I would like to take a step back and ask what you want this data to look like? If you do not want the structure unionization data, do you want something like the data described in this section of the documentation (gene expression quantified over a 3D grid of the brain)?

Ideally, I’d have the data in a csv, with the shape:

gene_acronym,gene_name,gene_entrez_id,age,age_in_days,,structure_acronym,structure_name,expression_energy

And possibly adding another column, identifying the specific mouse source, in case the data was gathered from multiple mice/donors.

My goal is to get a dataset with information about as many genes as possible, with information on how they are expressed differently at different developmental steps/time-points. Optionally also including information about anatomic/spatially different development (i.e the mouse brain regions) - at a coarse level (e.g. I’d be happy with anatomic resolution at the level of “hindbrain, midbrain, cortex, cerebellum” but I’ll work with the existing structures, whatever already exists and is harmonized).

I’m also assuming expression_energy is a “normalized” metric of gene expression, that I can compare and track between regions/timepoints/donors.

Thanks again very much for the help! I can adapt to any solution you can offer, so long as I get lots of genes, over time, for the developing mouse :).

In that case, I really think you should leave in the

            "structure("
                "structure_sets_structures("
                    "structure_set[name$eq'Developing Mouse - Coarse']"
                ")"
            "),"

from my example code. The way you have edited the API call, the query has no way of knowing that you are only interested in the developing mouse atlas, so it is calling for all instances of those genes across all of our datasets. I assume this is why the number of rows ballooned to more than 3 million.

If you decide you still want to eliminate the structure set limitation, try reducing the number of genes the code is querying for at a time by setting gene_chunk_size to something smaller in main(). I suppose you could also set chunk_size to something smaller in the actual query function, as well. If a single API call contains too many rows, that can slow the process down.

“expression energy” is defined in this section of the “Developing Mouse” post.

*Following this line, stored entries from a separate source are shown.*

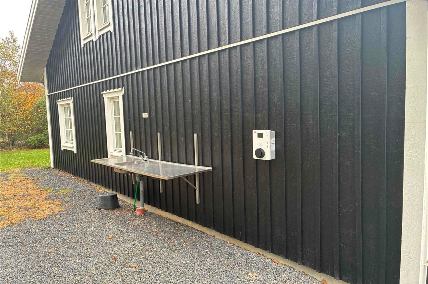 Die Ferienunterkunft liegt auf einem 1000 m² großen Naturgrundstück. Die Entfernung zum Meer beträgt 13500 m. Die Entfernung zum Fjord beträgt 850 m. Die nächste Einkaufsmöglichkeit liegt 400 m entfernt. Außerdem gibt es 20 m² überdachte Terrasse. Sandkasten. Es ist ein Ladestecker für Elektroautos installiert. Ladestecker Typ 2. Mit einer Ladeleistung von 11 kW. Parkplatz auf dem Grundstück.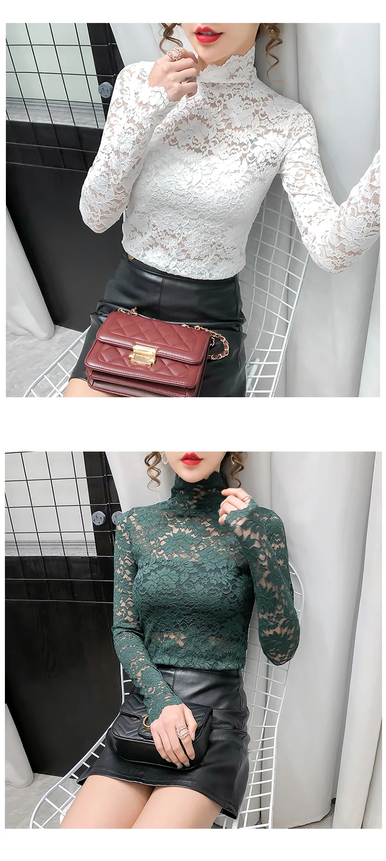 Блузка Женская осенне-зимняя облегающая кружевная рубашка с высоким...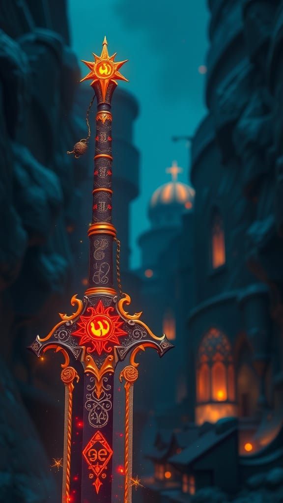 A fantasy sword with glowing runes is displayed against a high-contrast backdrop. The digital painting features deep blues and oranges and is reminiscent of a dystopian sci-fi aesthetic.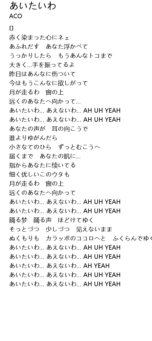| あいたいわ… あえないわ… AH UH YEAH | |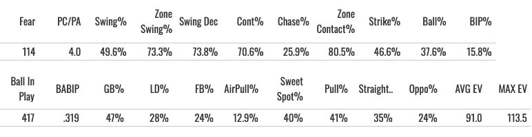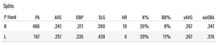 The other issue is that his lack of fly balls (25%) and air pulls (9.9%) limits the homers. It’s hard to see a guy with a max EV of 123 and an EV90 of 113.8 (ridiculous numbers) only hit 41 homers in two full seasons. Maybe he’ll figure it out; there’s still time. But the days of expecting 30+ homers are behind us. Let’s not do that.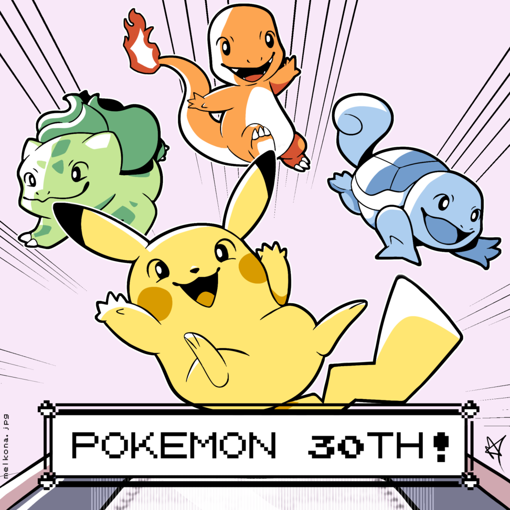 Najlepszego z okazji 30 rocznicy dla Pokemonów, dziękuję za bycie tak wielką częścią mojego życia przez tak długi czas. Z niecierpliwością oczekuję co szykujecie dalej, co jeszcze macie w zanadrzu! Ciężko uwierzyć, że to uniwersum ma już 30 lat – i gdzieś tam pomiędzy nimi, przez większość tych lat jestem gdzieś ja. Poprzez gry, mangę i anime, aż do karcianki, rysunków i wielu innych różnorodnych kolekcji. Wciąż na miejscu, wciąż z niekończącym się uwielbieniem i pasją do tego szerokiego uniwersum. Wciąż z dorocznym artem okolicznościowym!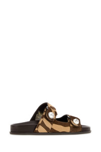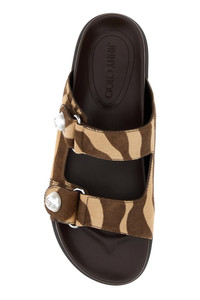 Faux pearl-embellished zebra-print calf hair sandals Chocolate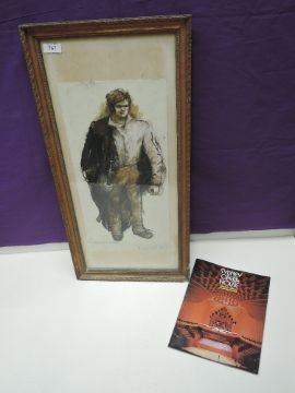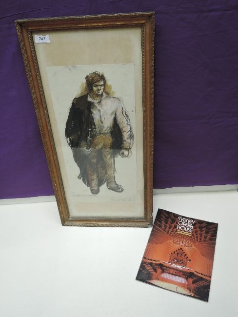 A costume painting by Michael Stennett,1967, of the intruder, Fete Champetre. First designer of costumes for the New Sydney Opera House, also included is a brochure about the actual building of it.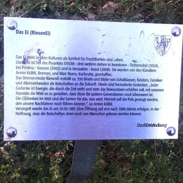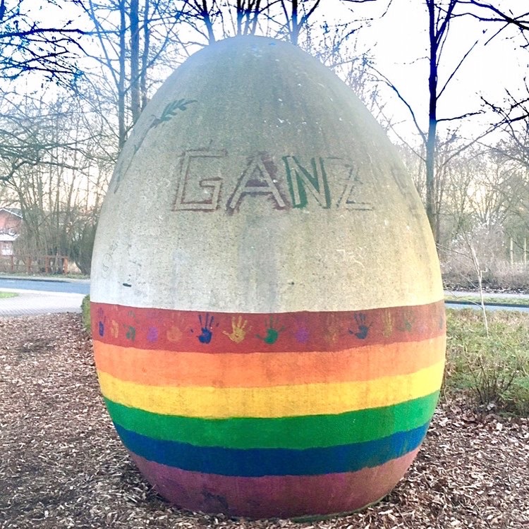 Das bekannteste XXL-Ei, von Künstlerhand geschaffen, steht nahe dem Startpunkt der Deutschen Fährstraße Bremervörde - Kiel am Vörder See; drei weitere dieser Art wurden in Jerusalem, im Kosovo und in Tschernobyl aufgestellt, wie der Infotafel zu entnehmen ist.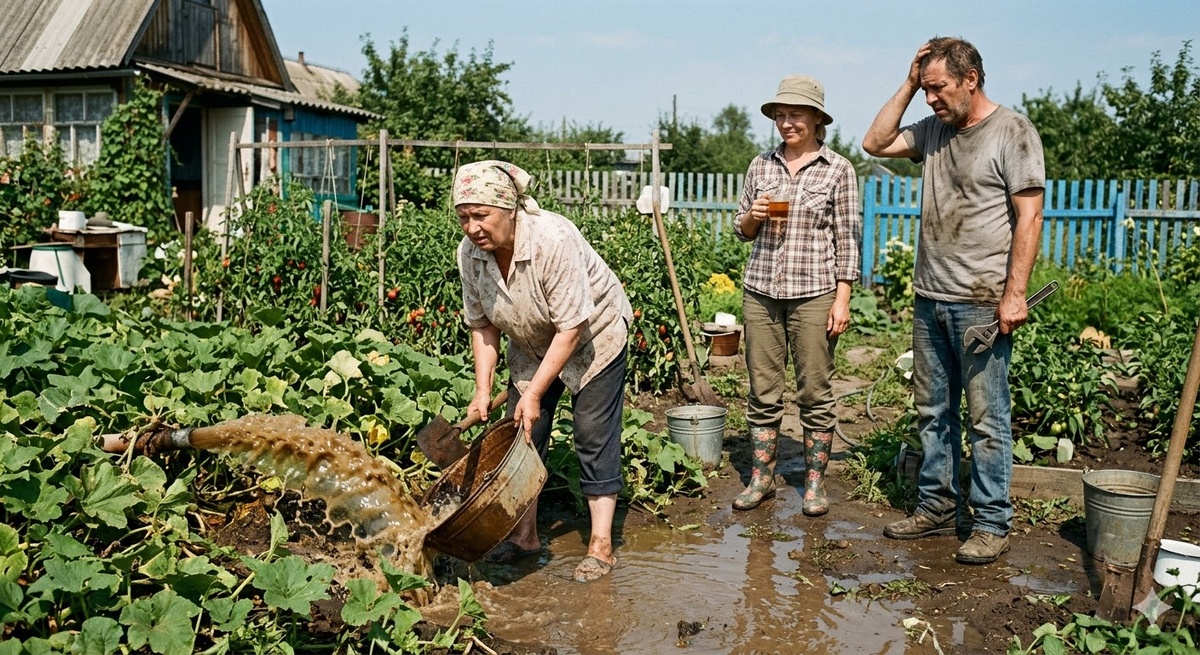 В этот момент прямо посреди грядки с элитными кабачками-титанами начал вздуваться огромный пузырь земли. Через секунду он лопнул, и в небо ударил мощный фонтан воды, густо перемешанный с тем самым «французским» навозом и какой-то ржавой жижей.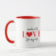 Text personalized typography script made with love for my wife funny cute quote red heart coffee mug.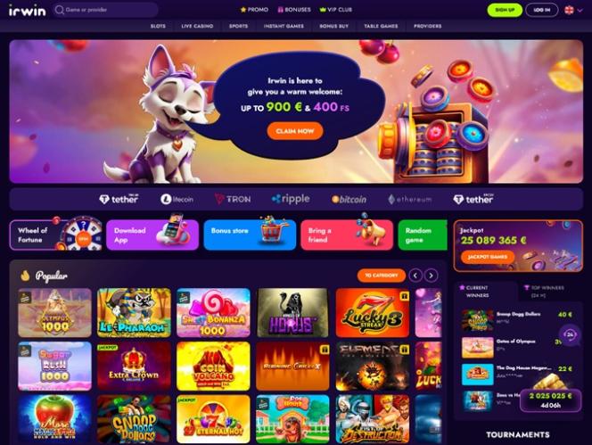 Irwin Casino 于 2024 年上线,是一个现代化的博彩网站,为玩家提供丰富的选择,包括真钱老虎机、桌面游戏、真人荷官、速成游戏,甚至还有独立的体育博彩板块。除了提供丰富的促销活动、奖金、锦标赛和 VIP 计划外,该品牌还接受各种加密货币作为有效支付方式。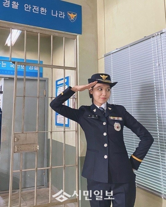 공개된 사진 속 수영은 경찰복을 입고 거수 경례를 하는 모습을 드러내 시선을 사로잡았다.

And to be clear, now that I think a bit more about your output, this

 FOUND 2106 GENES IN 1.81e+02 SECONDS
====START GETTING ACTUAL EXPRESSION DATA====
QUERYING GENE IDs 11134 through 14582
    EXPECT TO FIND 3277514 DATA ENTRIES

means that there were 3.3 million rows associated with the first 500 genes of the 2106 genes you are ultimately querying for, so you will (naively) be looking at a final CSV with ~ 12 million rows.